Heroes are people who do heroic things. Sometimes they are soldiers. Ironically, soldiers decorated as heroes are sometimes uncomfortable in the role, realizing that what they had done was done out of some animal instinct in a moment of sheer terror, with no intention of doing anything other than surviving. I think that's why those folks often point to the dead and say "there lie the heroes."
But joining one of the armed services because you need a job, or because you need an education is not heroic, it is self-serving. Many of these people never want to see combat, and many don't. That's not to criticize people who join the service because its a job.
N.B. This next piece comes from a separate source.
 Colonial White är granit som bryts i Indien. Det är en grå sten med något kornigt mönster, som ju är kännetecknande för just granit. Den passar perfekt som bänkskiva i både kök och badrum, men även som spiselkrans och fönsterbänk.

Lots of people take on potentially hazardous occupations out of necessity.
But when was the last time you heard a guy who slipped and fell to his death on a construction site referred to as a "hero?" And yet, he took his hazardous job for the same purpose that many, if not most, take a job in the service.
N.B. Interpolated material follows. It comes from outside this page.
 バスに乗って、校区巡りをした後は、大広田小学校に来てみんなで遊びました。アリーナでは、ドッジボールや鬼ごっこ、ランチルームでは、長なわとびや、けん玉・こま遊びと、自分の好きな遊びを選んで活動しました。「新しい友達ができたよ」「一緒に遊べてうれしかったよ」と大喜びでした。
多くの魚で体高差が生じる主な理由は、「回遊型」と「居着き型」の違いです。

I think it does a disservice to actual heroism to label everyone who joins the service a "hero."
It also contributes to the sort of "my country right or wrong" attitude that justifies any war our "heroes" fight in, regardless of whether those wars are really defending the security of the United States - as in World War II - or whether they are mere jousts at an imaginary windmill like the "Domino Theory" that entangled us in Vietnam, or whatever reasons George W. Bush and Dick Cheney insisted on attacking Iraq.
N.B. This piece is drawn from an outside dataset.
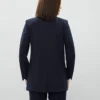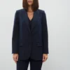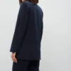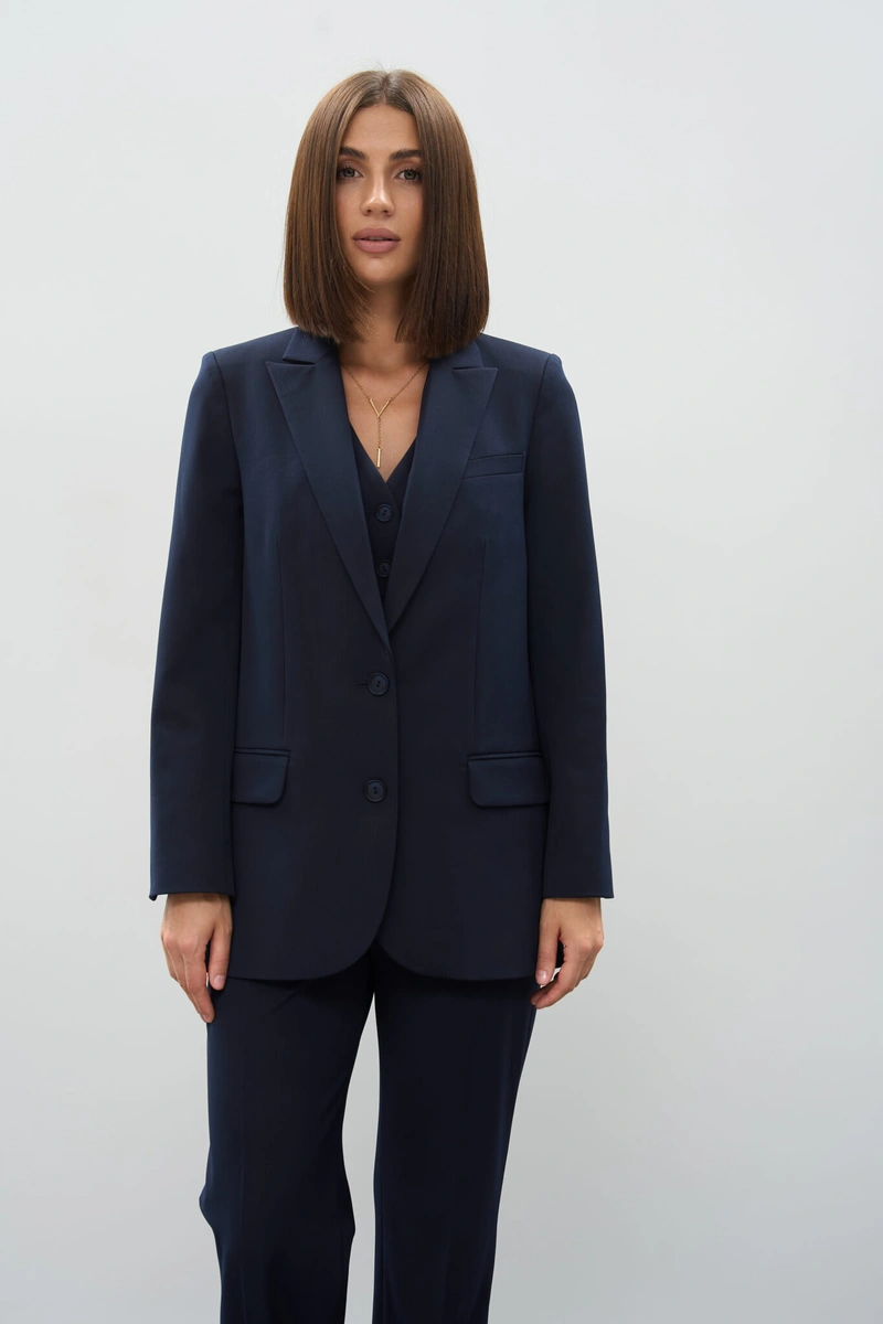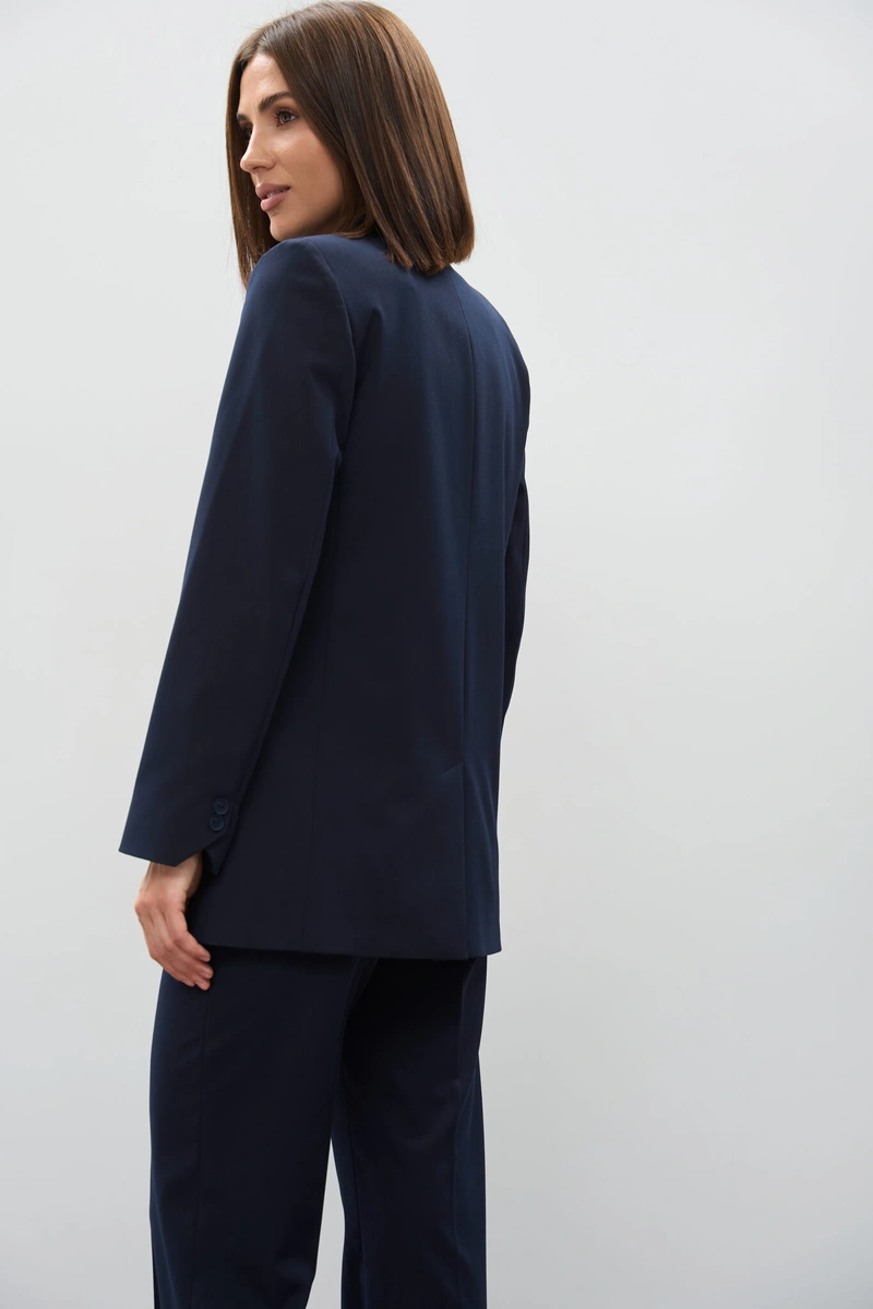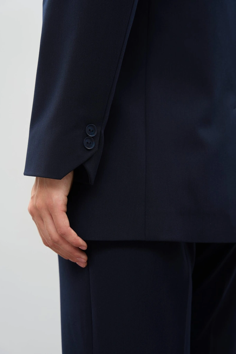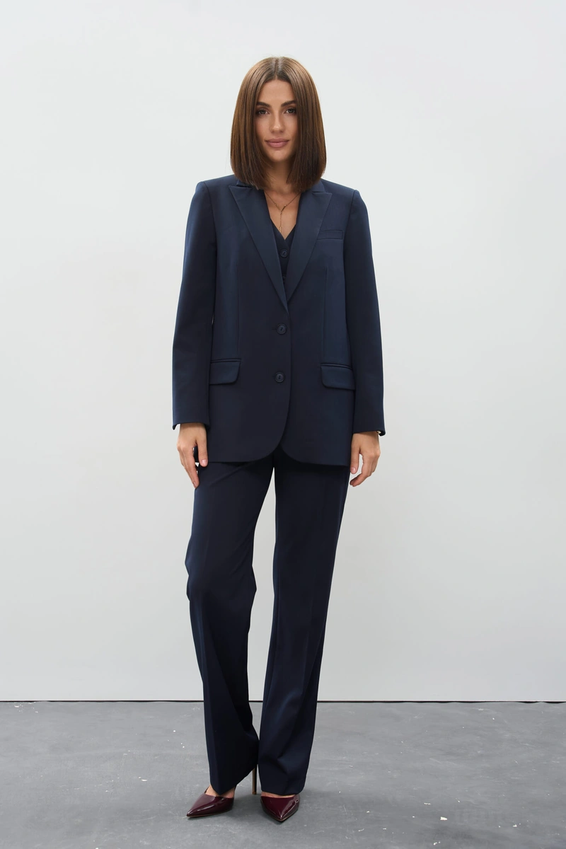 The straight-leg trousers complete the ensemble with a clean, elongated line, making this suit a versatile choice for both professional settings and chic everyday outfits.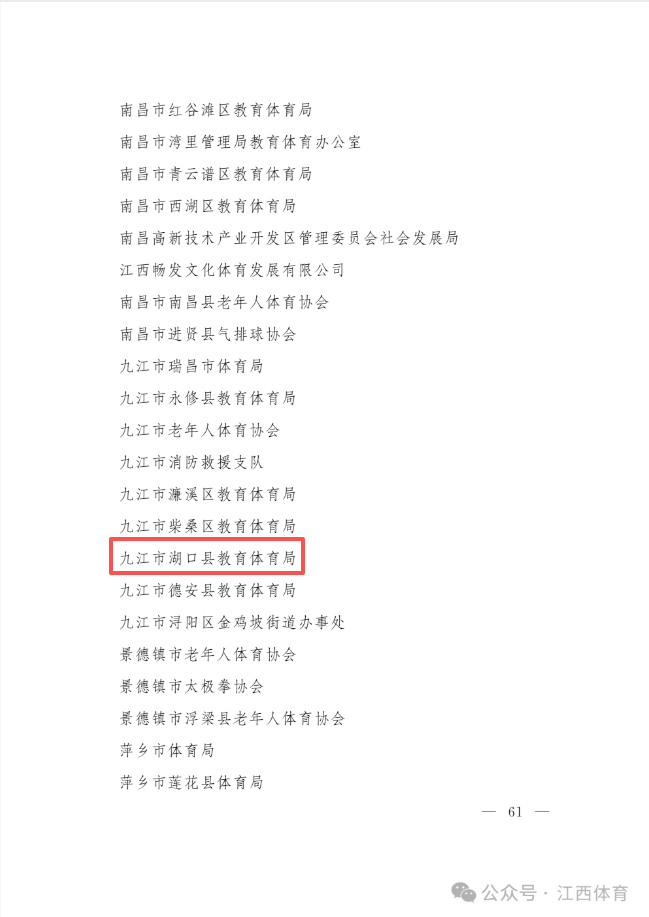 2021—2024年度全国群众体育先进单位、先进个人和全国体育系统先进集体、先进个人表彰大会11月10日在广州举行,湖口县教育体育局获评全国群众体育先进单位。

That is not to say that heroic deeds did not occur in each of these conflicts, no matter how unjustified the reason for the conflict itself. They did. But those heroic deeds are not in themselves justification for the wars in which they occurred, and therein lies the rub.
The military-industrial complex loves the idea of universal heroism, as it plays right into its agenda of perpetual war for profit.
Sometimes heroism is publicly opposing a war, and subjecting oneself to the harassment and charges of cowardice that go along with anti-war protests in a country of flag-wrapping hypocrites. That involves suffering, too, although the wounds may not be as visible.
How is saving lives by preventing a war not a greater heroism than heroic acts in a war that takes lives?
How can a nation that describes itself as "Christian" believe otherwise, if "Christian" means emulating the life of Jesus? I say it can't, unless "Christian" means something else altogether.